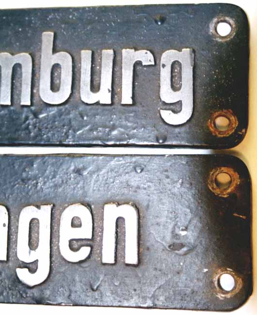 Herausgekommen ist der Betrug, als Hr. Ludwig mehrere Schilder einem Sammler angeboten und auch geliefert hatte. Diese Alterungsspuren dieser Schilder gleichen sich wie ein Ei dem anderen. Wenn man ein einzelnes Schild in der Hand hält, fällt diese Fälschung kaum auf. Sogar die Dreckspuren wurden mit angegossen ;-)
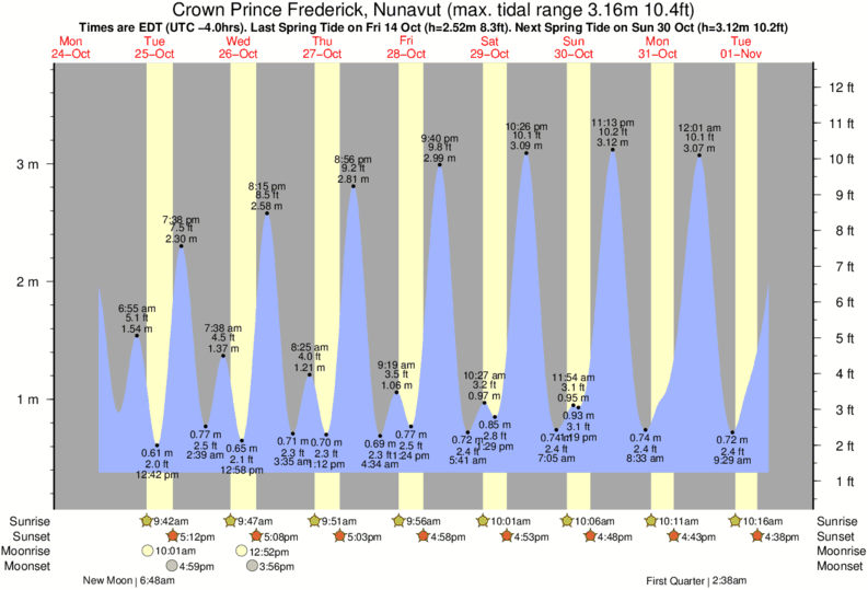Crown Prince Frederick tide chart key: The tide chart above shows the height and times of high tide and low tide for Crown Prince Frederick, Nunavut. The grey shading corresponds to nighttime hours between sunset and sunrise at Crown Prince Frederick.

==

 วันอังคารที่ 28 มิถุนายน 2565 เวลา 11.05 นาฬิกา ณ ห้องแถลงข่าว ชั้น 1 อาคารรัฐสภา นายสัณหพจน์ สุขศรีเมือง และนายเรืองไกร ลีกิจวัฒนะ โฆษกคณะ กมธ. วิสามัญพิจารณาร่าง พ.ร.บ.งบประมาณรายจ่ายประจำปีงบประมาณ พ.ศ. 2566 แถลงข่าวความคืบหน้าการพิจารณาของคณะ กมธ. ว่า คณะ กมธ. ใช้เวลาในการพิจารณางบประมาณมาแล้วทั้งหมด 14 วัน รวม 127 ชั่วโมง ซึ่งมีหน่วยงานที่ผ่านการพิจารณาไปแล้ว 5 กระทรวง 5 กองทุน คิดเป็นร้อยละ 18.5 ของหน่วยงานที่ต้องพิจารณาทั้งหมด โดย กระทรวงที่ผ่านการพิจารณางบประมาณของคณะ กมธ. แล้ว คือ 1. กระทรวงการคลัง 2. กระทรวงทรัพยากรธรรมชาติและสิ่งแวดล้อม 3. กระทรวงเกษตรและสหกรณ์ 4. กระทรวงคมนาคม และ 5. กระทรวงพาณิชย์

**WHAT YOU NEED TO DO**
Look above for the line holding "Herausgekommen ist der" and output everything from it down to the line holding "Crown Prince Frederick tide", both ends included, exactly and without images.

**REPLY**
 Herausgekommen ist der Betrug, als Hr. Ludwig mehrere Schilder einem Sammler angeboten und auch geliefert hatte. Diese Alterungsspuren dieser Schilder gleichen sich wie ein Ei dem anderen. Wenn man ein einzelnes Schild in der Hand hält, fällt diese Fälschung kaum auf. Sogar die Dreckspuren wurden mit angegossen ;-)
Crown Prince Frederick tide chart key: The tide chart above shows the height and times of high tide and low tide for Crown Prince Frederick, Nunavut. The grey shading corresponds to nighttime hours between sunset and sunrise at Crown Prince Frederick.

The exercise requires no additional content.